### What the task asks
In the material below, find the span from the line with "Dette vil især" to the line with "расцветки с рисунком" and transcribe only those lines, exactly, ends included, without the pictures.

### Input data
++++
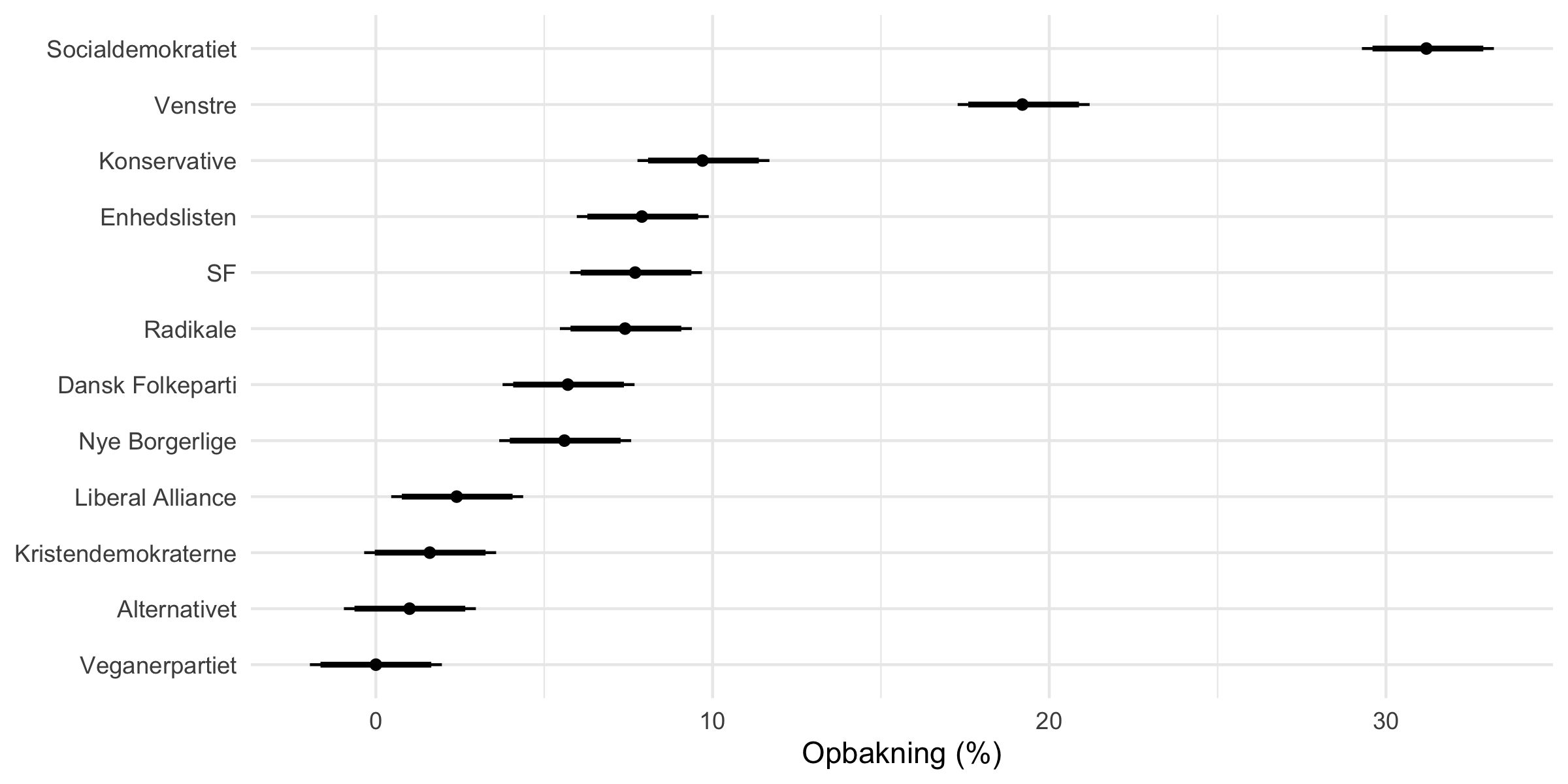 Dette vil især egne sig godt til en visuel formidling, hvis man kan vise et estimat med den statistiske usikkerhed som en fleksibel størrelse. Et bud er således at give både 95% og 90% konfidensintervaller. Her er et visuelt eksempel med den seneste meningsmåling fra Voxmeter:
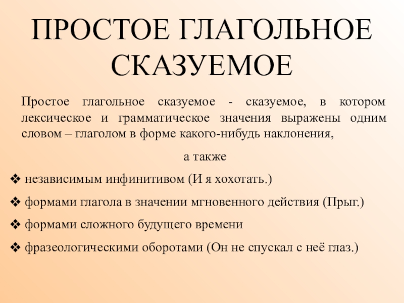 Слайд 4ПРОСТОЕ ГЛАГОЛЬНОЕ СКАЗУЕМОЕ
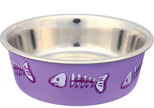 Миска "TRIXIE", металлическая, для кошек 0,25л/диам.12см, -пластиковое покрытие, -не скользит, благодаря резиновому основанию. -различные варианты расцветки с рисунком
++++
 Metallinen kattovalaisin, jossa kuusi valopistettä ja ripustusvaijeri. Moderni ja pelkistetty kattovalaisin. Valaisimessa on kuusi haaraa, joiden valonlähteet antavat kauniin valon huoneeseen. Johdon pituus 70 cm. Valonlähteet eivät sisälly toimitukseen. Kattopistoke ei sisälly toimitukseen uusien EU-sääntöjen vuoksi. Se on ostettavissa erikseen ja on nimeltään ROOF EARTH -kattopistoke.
++++
### Answer to the problem
 Dette vil især egne sig godt til en visuel formidling, hvis man kan vise et estimat med den statistiske usikkerhed som en fleksibel størrelse. Et bud er således at give både 95% og 90% konfidensintervaller. Her er et visuelt eksempel med den seneste meningsmåling fra Voxmeter:
 Слайд 4ПРОСТОЕ ГЛАГОЛЬНОЕ СКАЗУЕМОЕ
 Миска "TRIXIE", металлическая, для кошек 0,25л/диам.12см, -пластиковое покрытие, -не скользит, благодаря резиновому основанию. -различные варианты расцветки с рисунком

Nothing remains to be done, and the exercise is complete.